7. Nada Personal

La familia había juntado sillas para acostarse y estaban todos dormidos, bien envueltos en sus abrigos. El viejito había terminado de limpiar y desaparecido. Silvia lo imaginó durmiendo en algún cuartito diminuto, con un tocadiscos en el que giraba un vinilo de Sinatra.

En el corredor, le mostró a Jay cómo hacer funcionar la máquina expendedora, y su sonrisa triunfal cuando logró procurarse su propio café la hizo volver a reír.

—Esta m****a me hizo sudar por nada —dijo, y le dirigió una mirada culpable—. Disculpa mi lenguaje.

Ella fingió persignarse. Jay alzó una sola ceja. Cruzaron la sala de espera de regreso a su rincón todavía sofocando la risa.

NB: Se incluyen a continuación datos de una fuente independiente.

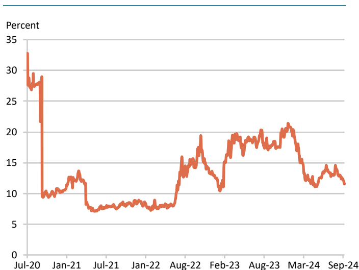
FIGURE 1 Ecuador / Emerging Market Bond Index (EMBI)

Labor market conditions slightly improved, with the unemployment rate dropping 0.7 percent y-o-y in June 2024 (3.1 percent), resulting in a 1 percent decline in poverty (national poverty line) and a virtual stagnation of the Gini at 45.6 in 2024. Job quality remains a structural problem, with informality increasing 0.7 percent y-o-y to 53.5 percent in 2024 (76.6 percent in rural areas). Structural gender gaps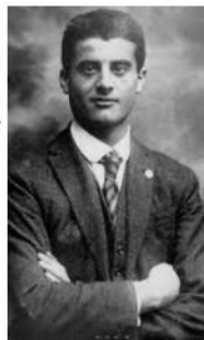
Blessed Pier Giorgio Frassati

"With all the strength of my soul I urge you young people to approach the Communion table as often as you can. Feed on this bread of angels whence you will draw all the energy you need to fight inner battles. Because true happiness, dear friends, does not consist in the pleasures of the world or in earthly things, but in peace of conscience, which we have only if we are pure in heart and mind."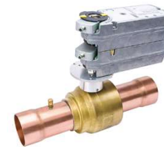
Actuated Ball Valve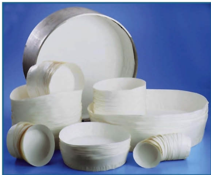
Fig. 1. EZ Purge HR EZP Group.

The Pearl GTL (gas-to-liquids) Project in Ras Laffan/Qatar is the largest energy project ever launched in the State of Qatar and now the largest GTL complex in the world. A joint effort of Qatar Petroleum and Royal Dutch Shell, this project has offshore upstream gas production facilities as well as an onshore GTL plant that will produce thousands of barrels per day of GTL products including cleaner-burning diesel and aviation fuel, oils for advanced lubricants, naphtha used to make plastics and paraffin for detergents.

—Así que Argentina —dijo Jay volviendo a sentarse—. Buenos… ¿Aires? Oí decir que es una gran ciudad.

—Sí, demasiado grande para mi hígado.

—¿No vives allí?

—No, soy de la Patagonia.

—Oh, a mí me encantan las grandes ciudades —dijo Jay, convencido, y la vio mirar alrededor antes de volver a enfrentarlo con gesto interrogante—. Bien, no vivo aquí, ¿verdad? De lo contrario, tendría una maldita balsa en vez de un condenado auto de alquiler descompuesto.

Rieron juntos una vez más. Él probó su café, pensando que le caía bien la fan. Pero si pretendía permanecer en el anonimato, tenía que cambiar de tema.

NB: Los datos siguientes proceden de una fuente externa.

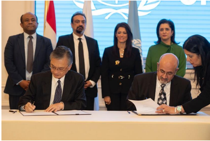
On March 10 th 2024, the Embassy of Japan in Egypt and WHO signed an exchange of notes for “the Project for Medical Emergency Support to the Hospitals Affected by the Situation in the Gaza Strip” in Cairo to provide assistance to Egyptian hospitals.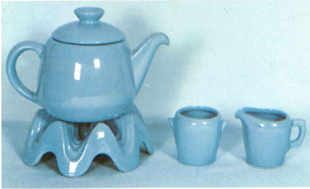
6T—6 CUP TEAPOT 8.50 5DA—6 OZ. CREAMER 3.00 WA3—6" WARMER W/CANDLE 4.50 5DB—6 OZ. SUGAR 3.00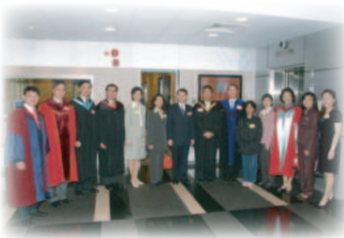
The Officiating Party with members of our PTA

—¿Y qué m****a haces aquí?

Silvia frunció el ceño. —¿Acaso eres de la Migra?

—Y estoy listo para deportar tu trasero latino.

—¡Por favor! —Silvia le ofreció sus muñecas para que las esposara—. ¡Cualquier cosa con tal de largarme de aquí!

—¿Verdad? ¿Tal vez hacer un poco de alboroto bastaría para que vinieran por nosotros? No me importa si es un patrullero.

—Olvídalo. El único patrullero del pueblo es más viejo que la máquina de café. Jamás llegaría hasta aquí con esta tormenta.

—Oh, de modo que vienes del pueblo al norte de aquí.

—Vamos.

A Silvia le gustaba la forma en que Jay alzaba las manos cuando lo descubrían haciendo o diciendo algo indebido.

—Muy bien, comprendo. Sin preguntas personales.

—A menos que quieras que vuelva a llorar.

—Ni en un millón de años.

—Tu cretino interior es bastante sensato.

Esta vez tuvieron que cubrirse la boca para acallar la risa. No porque estuvieran siendo extremadamente graciosos o listos, sino porque era agradable descubrir que tenían un sentido del humor similar.

Jay suspiró frotándose los muslos. —Daría cualquier cosa por una cerveza —murmuró.

Silvia asintió. —Y yo por un cigarrillo, pero hace demasiado frío en el corredor.

Él miró alrededor. —¿Quién va a venir a regañarnos si fumamos aquí?

Ella vaciló y sacó sus cigarrillos. Le ofreció uno a Jay sólo porque había hablado en plural, pero se dio cuenta de inmediato que distaba de ser un fumador, y sólo lo había dicho por complicidad con ella. Luego de un par de minutos de disfrutar que no necesitaba morirse de pulmonía para aplacar su adicción a la nicotina, Silvia lo vio revisar su teléfono.

—¿Sin señal?

—Nada.

—Ahí tienes la era de las comunicaciones globales.

—Ni que lo digas. Un poco de lluvia y estamos de vuelta en la jodida edad de piedra.

—Ésa es una buena idea para una canción.

Jay le dirigió otro vistazo suspicaz, pero Silvia volvía a mirar hacia afuera, y sus palabras no habían sonado irónicas. ¿O tal vez sí lo había reconocido, y se limitaba a respetar su decisión de permanecer anónimo?

Se preguntó por qué estaba tan decidido a ocultar su identidad. Siempre había disfrutado los privilegios de la fama. Sin embargo, esa noche quería ser otra persona. Alguien sin nombre perdido en medio de la nada.

Fumaron en silencio.

De pronto parecían no tener nada más para decir. Permanecieron allí sentados, abstraídos en sus propios pensamientos, pero esperando que el otro les dirigiera la palabra, de modo que tratar de dormir, leer o hacer cualquier otra cosa resultaba desconsiderado.

El silencio se prolongó entre ellos, haciendo lugar al rumor constante de la lluvia.